As every storage-based replica, Windows Storage Replica does not protect the volume content from logic corruption. If a corruption happens on the soruce, it will be replicated to the destination as well. Veeam Backup & Replication has its native tool, the Backup Copy Job, that can be used to copy restore points between different backup repositories and meet the 3-2-1 rule.

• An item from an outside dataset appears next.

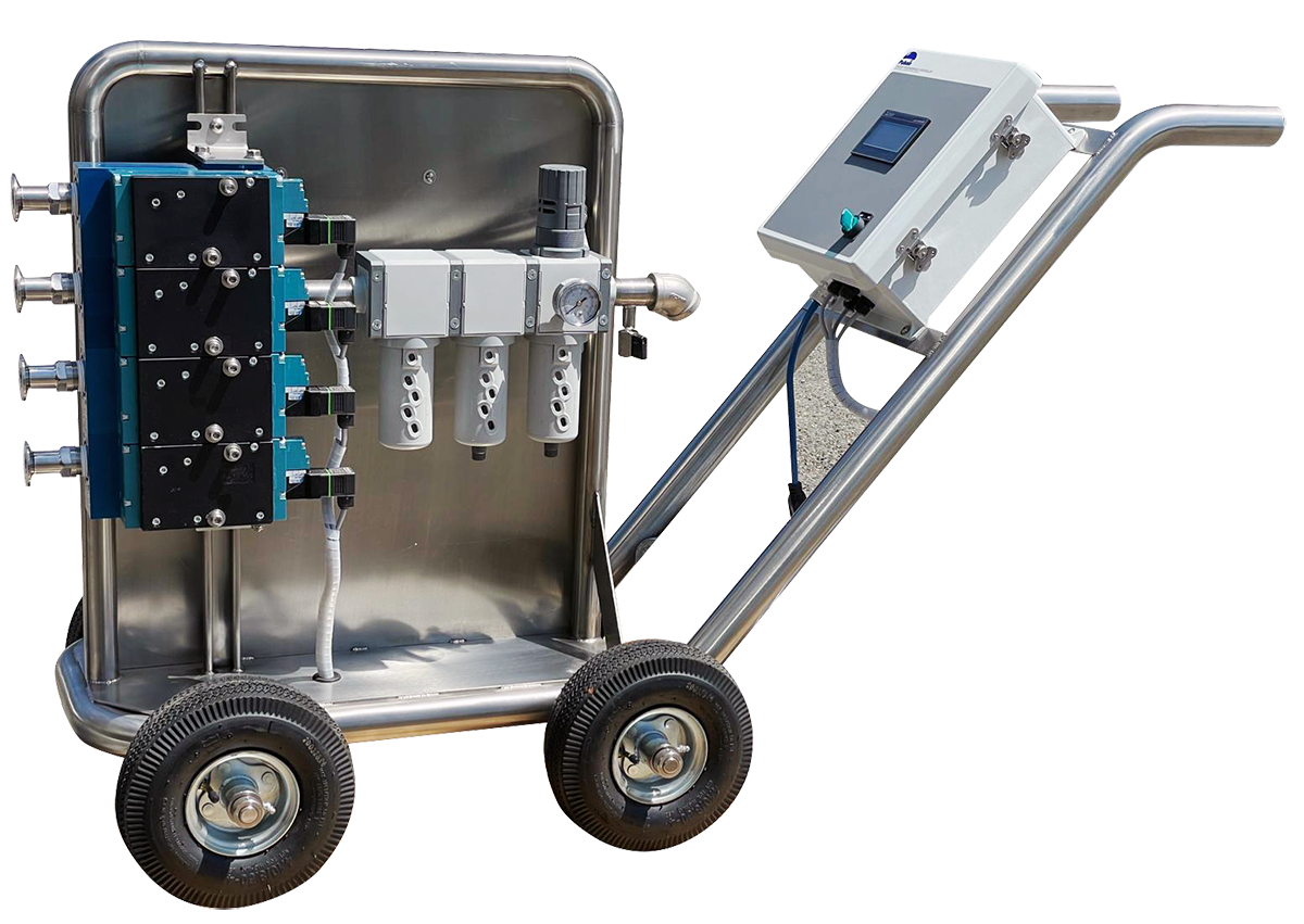 The Pulsair Wine Cart is designed as a mobile semi-automatic cap management and wine blending system. The Wine Cart can be used for large wine fermentation tanks, totes and smaller fermenters. The stainless steel cart utilizes a state of the art touch screen programmable controller and a stack of injection valves that are connected to injection ports in a fermentation or blending tank. The connections from the cart to the tank are made using flexible hoses and tri-Clover flanged check valves. Also included are three clean air filters which supply food grade air to the wine to ensure quality.

Windows Storage Replica concepts

Storage Replica, part of Windows Server 2016 Datacenter edition, is a technology that enables replication of volumes between servers or clusters for disaster recovery purposes. It supports both synchronous and asynchronous replication. Synchronous mode is constrained to the latency between the servers, that must be below 5ms.

Synchronous replication mirrors data within a low-latency network site with crash-consistent volumes to ensure zero data loss at the file-system level during a failure.

Asynchronous replication mirrors data across sites beyond metropolitan ranges over network links with higher latencies, but without a guarantee that both sites have identical copies of the data at the time of a failure.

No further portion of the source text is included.